** Instructions to follow **
Leaving out the pictures, return word for word the stretch of entries below from the line holding "北宋至金 定窑白釉印牡丹婴戏及犀牛望月纹碗" through the line holding "Доброго времени суток".

(Extracted entries begins)

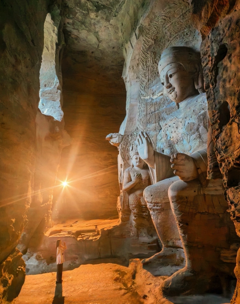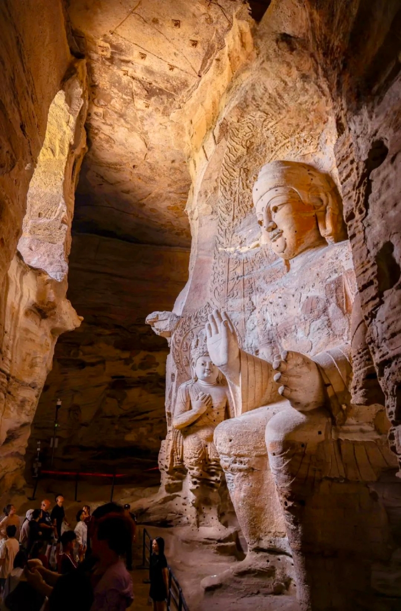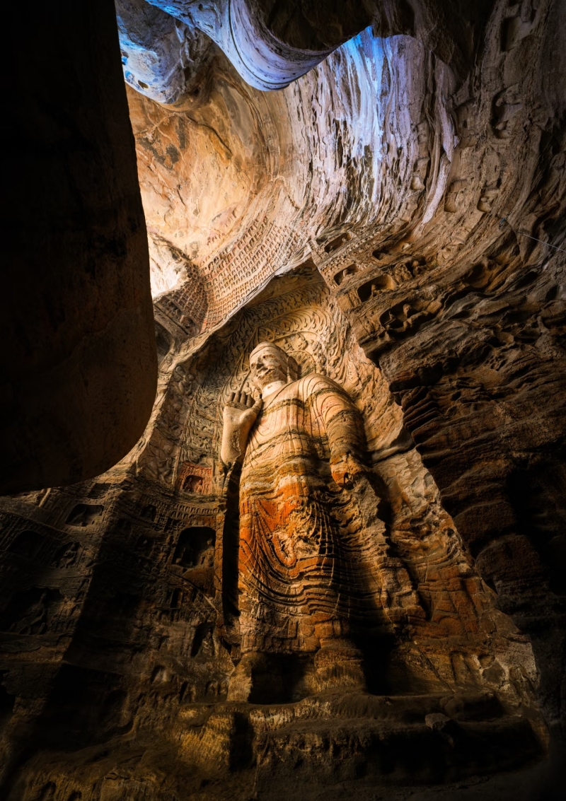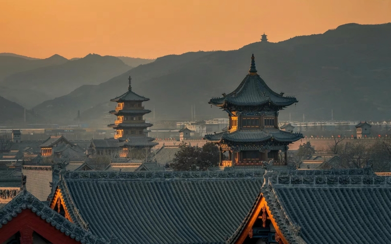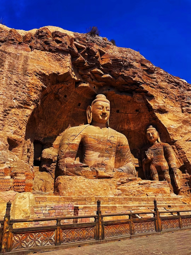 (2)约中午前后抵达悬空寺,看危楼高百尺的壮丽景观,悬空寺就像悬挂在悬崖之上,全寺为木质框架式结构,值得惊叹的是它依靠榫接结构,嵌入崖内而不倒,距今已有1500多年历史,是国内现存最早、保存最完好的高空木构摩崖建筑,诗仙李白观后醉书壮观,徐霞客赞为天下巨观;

(Extracted entries ends)
(Extracted entries begins)

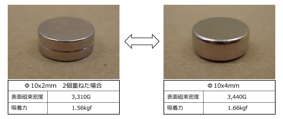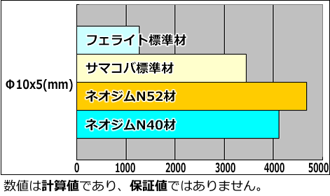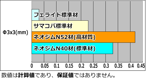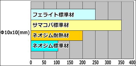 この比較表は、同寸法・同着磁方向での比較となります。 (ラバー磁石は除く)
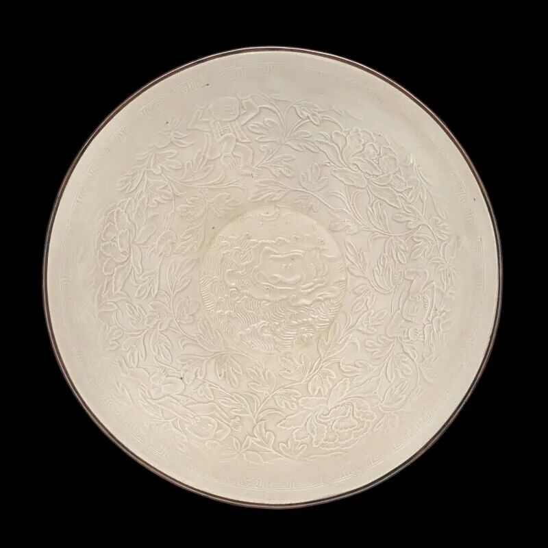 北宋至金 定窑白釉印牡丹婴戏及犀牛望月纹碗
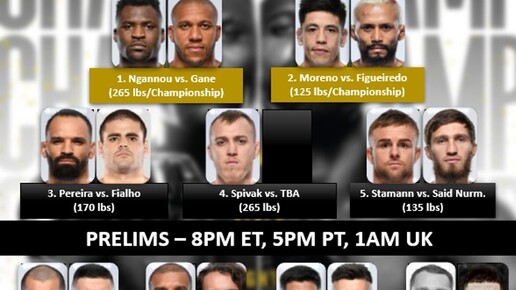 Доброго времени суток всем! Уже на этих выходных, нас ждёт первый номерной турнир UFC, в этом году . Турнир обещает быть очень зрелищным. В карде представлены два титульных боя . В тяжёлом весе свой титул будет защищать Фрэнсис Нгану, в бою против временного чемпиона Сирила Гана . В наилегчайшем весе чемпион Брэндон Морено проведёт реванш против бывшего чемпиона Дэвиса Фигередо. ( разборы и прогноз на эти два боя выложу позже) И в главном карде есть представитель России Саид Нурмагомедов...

(Extracted entries ends)

** Response to this exercise **
 北宋至金 定窑白釉印牡丹婴戏及犀牛望月纹碗
 Доброго времени суток всем! Уже на этих выходных, нас ждёт первый номерной турнир UFC, в этом году . Турнир обещает быть очень зрелищным. В карде представлены два титульных боя . В тяжёлом весе свой титул будет защищать Фрэнсис Нгану, в бою против временного чемпиона Сирила Гана . В наилегчайшем весе чемпион Брэндон Морено проведёт реванш против бывшего чемпиона Дэвиса Фигередо. ( разборы и прогноз на эти два боя выложу позже) И в главном карде есть представитель России Саид Нурмагомедов...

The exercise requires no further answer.